Only one span of the material below is wanted. Output it exactly, from the line with "如下图,我们想要将相同班级的" through the line with "6.1. Рассчитываем объем", without any pictures.

◆ Data to process:
★ ★ ★

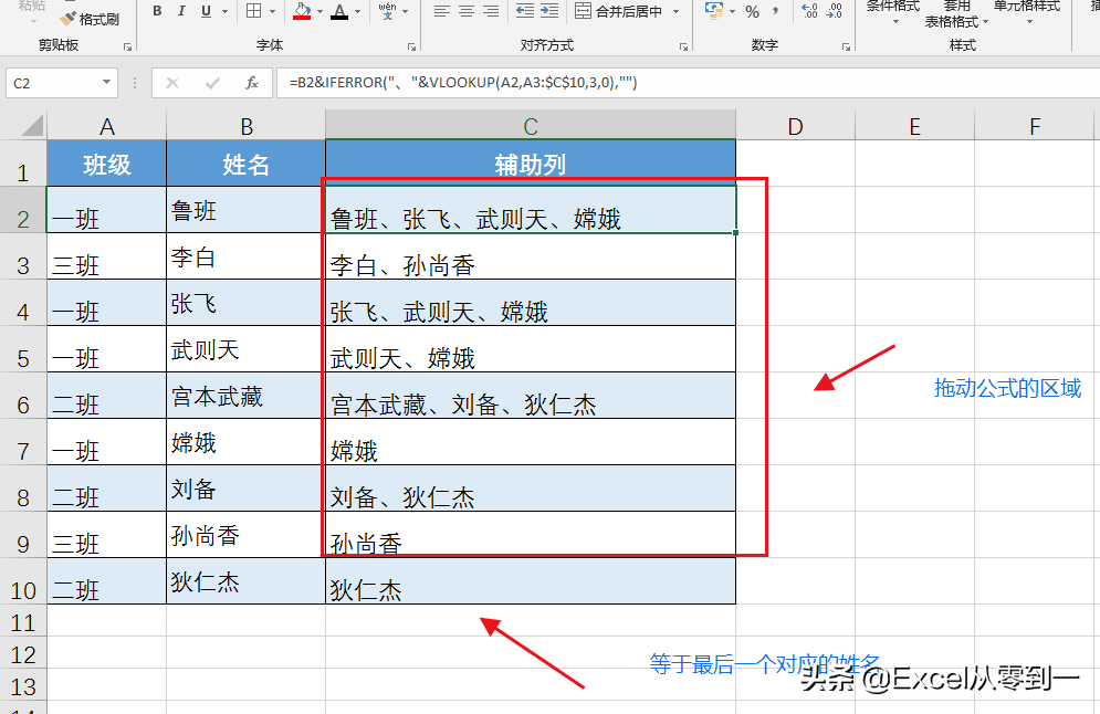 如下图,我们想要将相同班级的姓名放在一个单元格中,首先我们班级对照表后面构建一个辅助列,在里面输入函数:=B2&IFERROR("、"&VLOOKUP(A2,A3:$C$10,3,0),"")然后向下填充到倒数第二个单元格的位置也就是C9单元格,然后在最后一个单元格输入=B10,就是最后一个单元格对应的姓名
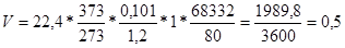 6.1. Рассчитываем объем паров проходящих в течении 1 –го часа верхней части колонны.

★ ★ ★

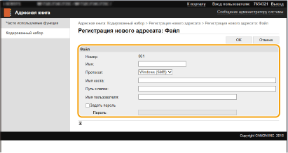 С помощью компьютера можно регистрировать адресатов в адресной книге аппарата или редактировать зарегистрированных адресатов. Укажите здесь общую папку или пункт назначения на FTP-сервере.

★ ★ ★

◆ Answer space:
 如下图,我们想要将相同班级的姓名放在一个单元格中,首先我们班级对照表后面构建一个辅助列,在里面输入函数:=B2&IFERROR("、"&VLOOKUP(A2,A3:$C$10,3,0),"")然后向下填充到倒数第二个单元格的位置也就是C9单元格,然后在最后一个单元格输入=B10,就是最后一个单元格对应的姓名
 6.1. Рассчитываем объем паров проходящих в течении 1 –го часа верхней части колонны.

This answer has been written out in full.